Work instructions
Working from the records below, return word for word the line that contains "For Honor X8c" and each line after it, ending with the last. Skip all pictures.

--- Task data ---

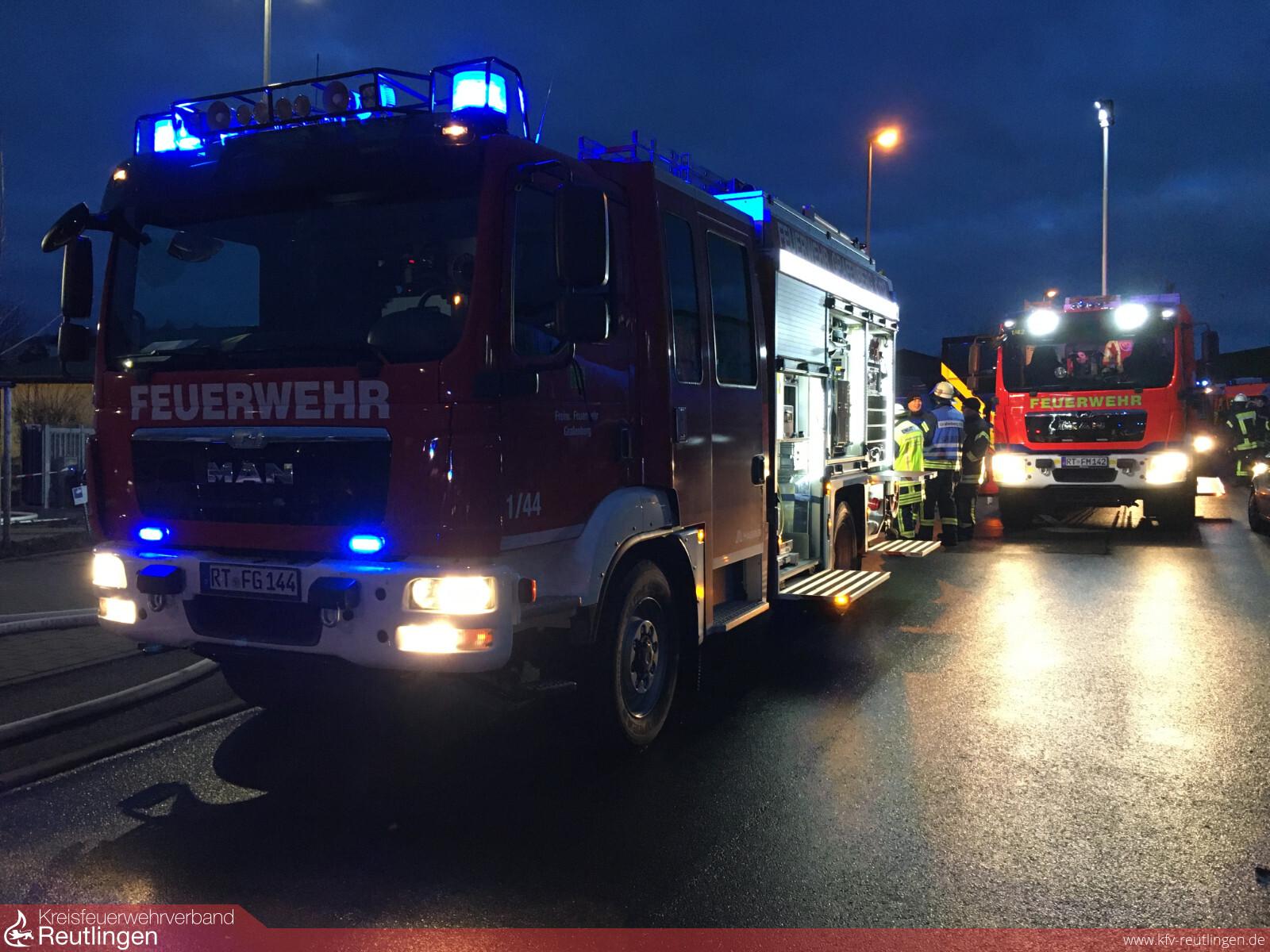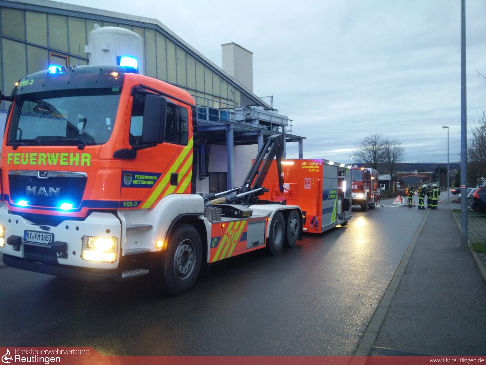 Einen sehr Zeitaufwendigen Einsatz hatten die Feuerwehren aus Grafenberg und Metzingen am vergangenen Donnerstag, dem 12. Dezember um 15.25 Uhr im Grafenberger Gewerbegebiet abzuwickeln. Durch eine Störung im Produktionsablauf löste die CO2 Löschanlage eines Temperofens und gleichzeitig die Brandmeldeanlage Alarm aus. Beim eintreffen des ersten Grafenberger Fahrzeuges wurde unter Atemschutz sofort der entsprechende Ofen erkundet. Dabei konnte festgestellt werden, dass weder im noch um den Ofen ein Brand entstanden war, allerdings das Gebäude mit dem Löschmittel geflutet wurde. Um das Co2 Löschmittel wieder aus dem Betriebsgebäude zu bekommen musste in der Folge das gesamte Gebäude intensiv gelüftet werden, was einige Zeit in Anspruch nahm. Glücklicherweise kann festgehalten werden, dass weder ein Personen- noch ein Sachschaden entstanden ist. Nach den erfolgreichen Lüftungsmaßnahmen konnte das Gebäude wieder der Firma übergeben werden. Die Feuerwehr Grafenberg war mit allen drei Fahrzeugen und 24 Personen ebenso im Einsatz wie die Feuerwehr aus Metzingen mit vier Fahrzeugen und 12 Kräften, sowie der Rettungsdienst und die DRK Bereitschaft Metzingen mit insgesamt vier Fahrzeugen und 7 Personen, einem „Helfer vor Ort“ und die Polizei.
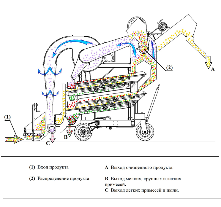 - очистительный механизм для решет – может работать с сильно загрязненным зерном;
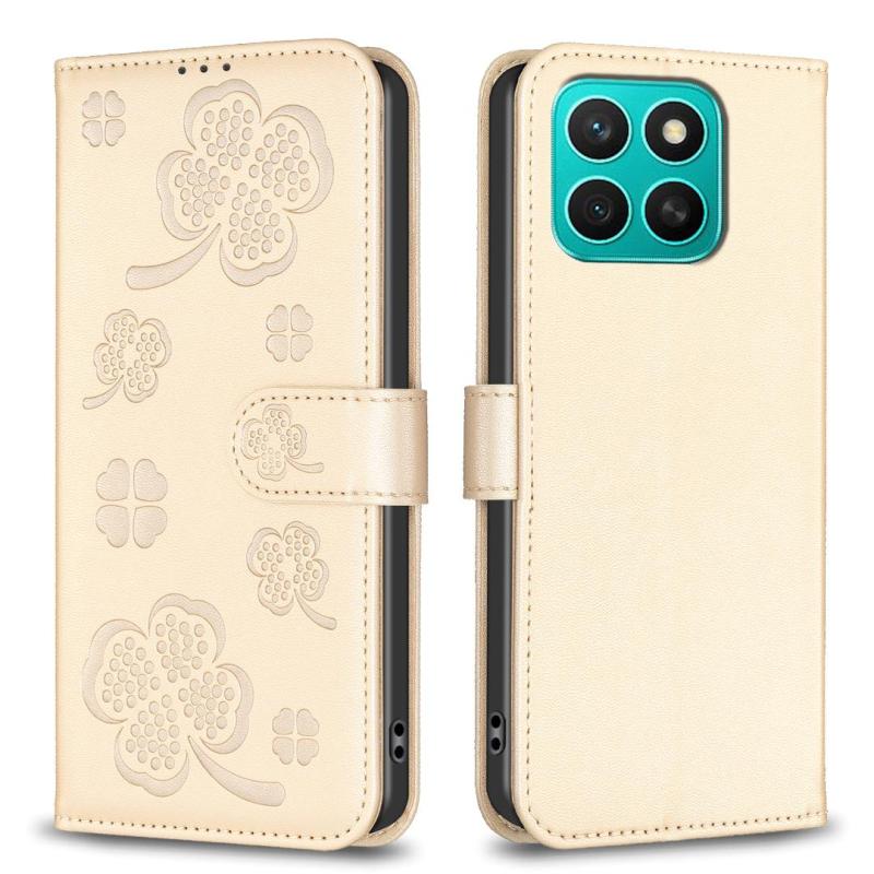 For Honor X8c 4G Four-leaf Embossed Leather Phone Case(Gold)
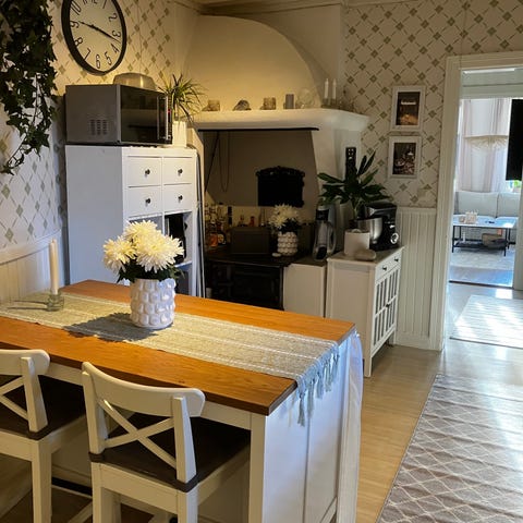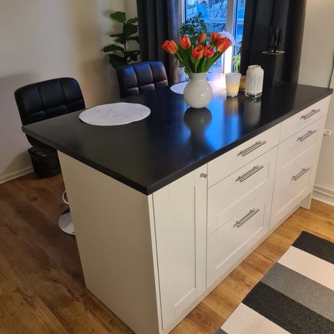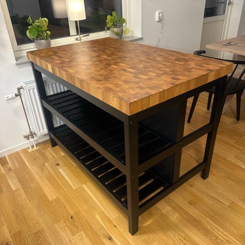 Köksö med träskiva och hyllor
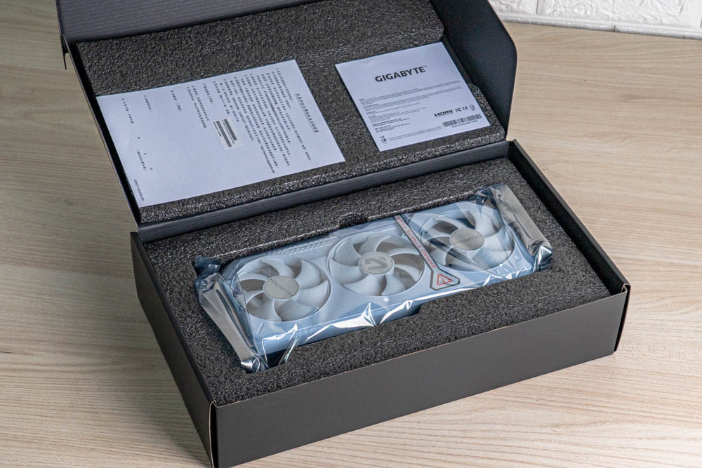 內盒擺設,採用常見的緩衝泡棉為顯卡提供防護,並隨附有使用手冊、經銷商保固卡一張。

---

Exercise answer
 For Honor X8c 4G Four-leaf Embossed Leather Phone Case(Gold)
 Köksö med träskiva och hyllor
 內盒擺設,採用常見的緩衝泡棉為顯卡提供防護,並隨附有使用手冊、經銷商保固卡一張。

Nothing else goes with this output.